Let's start with a bomb. Over 10 days ago a new brand of coup d'etat took place in Paraguay against elected president Fernando Lugo. It was virtually unnoticed by global corporate media.
Anything unexpected? Not really. A March 2009 cable from the US Embassy in Asuncion, revealed by WikiLeaks, [1] had already detailed how oligarchs in Paraguay were busy devising a "democratic coup" in congress to depose Lugo.
This US Special Forces drive was happening decades after "one of our bastards," notorious dictator-general Alfredo Stroessner (in power from 1954 to 1989) had allowed the set-up of a giant US-owned semi-clandestine landing strip near the Argentina-Brazil-Paraguay Triple Border -- later to become part of the war on drugs, and then the war on terror.
So it's a no-brainer which was the first government to recognize last Friday's coup plotters in Paraguay: the United States of America.
Forget about sharing our cake
Progressive Egyptians are now realizing new democracies take years, sometimes decades, of co-existing with the nightmare of dictatorship. It happened, for instance, in Brazil -- now universally lauded as a new, global powerhouse. During the 1980s and 1990s, some form of institutional re-democratization was going on. But for years Brazil really did not turn into a full democracy -- economically, socially and culturally. It took a long 17 years -- until president Luiz Inacio Lula da Silva first came to power in 2002 -- for Brazil to start on the road of becoming less outrageously unequal than its rapacious ruling classes always wanted it to be.
The same historical process is now at work in both Egypt and Paraguay. Both countries suffered dictatorships for decades. When a dictatorship seems to be on its death throes, only political parties linked -- or mildly tolerated -- by the ancient regime find themselves in the best position to profit from the long, tortuous transition towards democracy.
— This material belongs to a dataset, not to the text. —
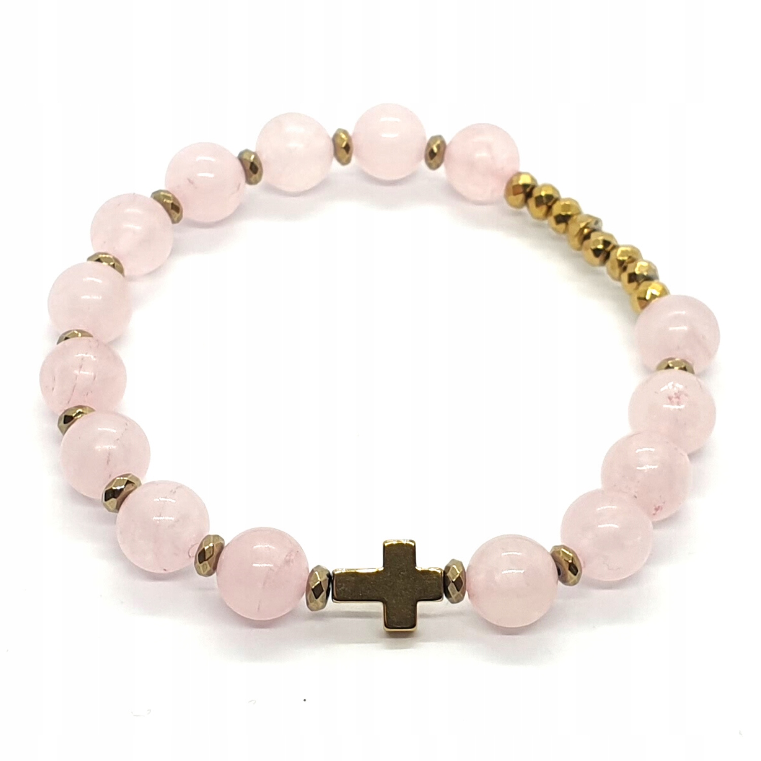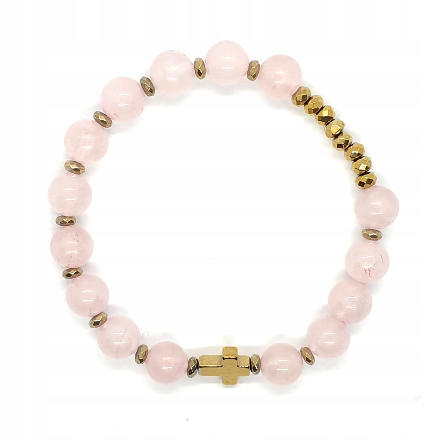 ✔ камені, що використовуються для виготовлення браслета : рожевого кварцу 8 мм кульок, гематит , покладених на золотий хрест 10х8мм, шини 2х4мм та 3x4mm

These countries then become what Brazilian political scientist Emir Sader has dubbed "democraships."
This applies to the Liberal Party in Paraguay and the Muslim Brotherhood in Egypt. In the Egyptian presidential election, we had a former Hosni Mubarak crony against an Ikhwan (Muslim Brotherhood) cadre. It remains to be seen whether the Orwellian SCAF (Supreme Council of the Armed Forces) in Egypt will allow this new "democraship" to turn into a real democracy, and to what extent the Ikhwan is fully committed to the notion of democracy.
Paraguay was already in a more advanced stage than Egypt. Yet four years after a democratic presidential election, congress was still dominated by two dictatorship-friendly parties, Liberal and Colorado. It was a piece of cake for this bipartisan oligarchy to gang up and take Lugo down.
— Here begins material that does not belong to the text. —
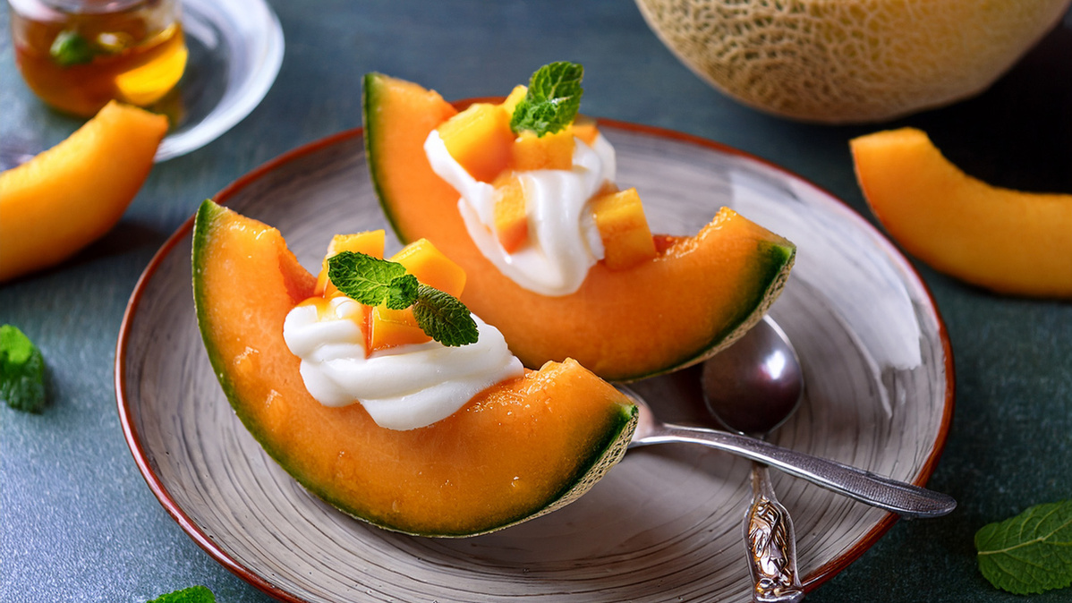 Melone mit Pfirsichsahne

A medium-rare impeachment, please
Lugo was evicted by a coup disguised as an impeachment, processed in only 24 hours. Regime change practitioners in Washington must have been ecstatic; if only we could do that in Syria ...
This simulacrum had to be concocted by what is the most corrupt senate in the Americas -- and that's a huge understatement. Lugo was found guilty of incompetence in dealing with a very murky story linked -- inevitably -- with an issue that is absolutely key all across the developing world: agrarian reform.
On June 15, a group of policemen and commandos about to enforce an eviction order in Curuguaty, 200 kilometers from Asuncion, close to the Brazilian border, was ambushed by snipers infiltrated among farmers. The order came from a judge protecting a wealthy landowner, Blas Riquelme, not by accident a former president of the Colorado party and a former senator.
Through legal shenanigans, he had taken possession of 2,000 hectares that actually belonged to the Paraguayan state. These lands were then occupied by landless peasants, who for some time had been asking the Lugo government to redistribute them.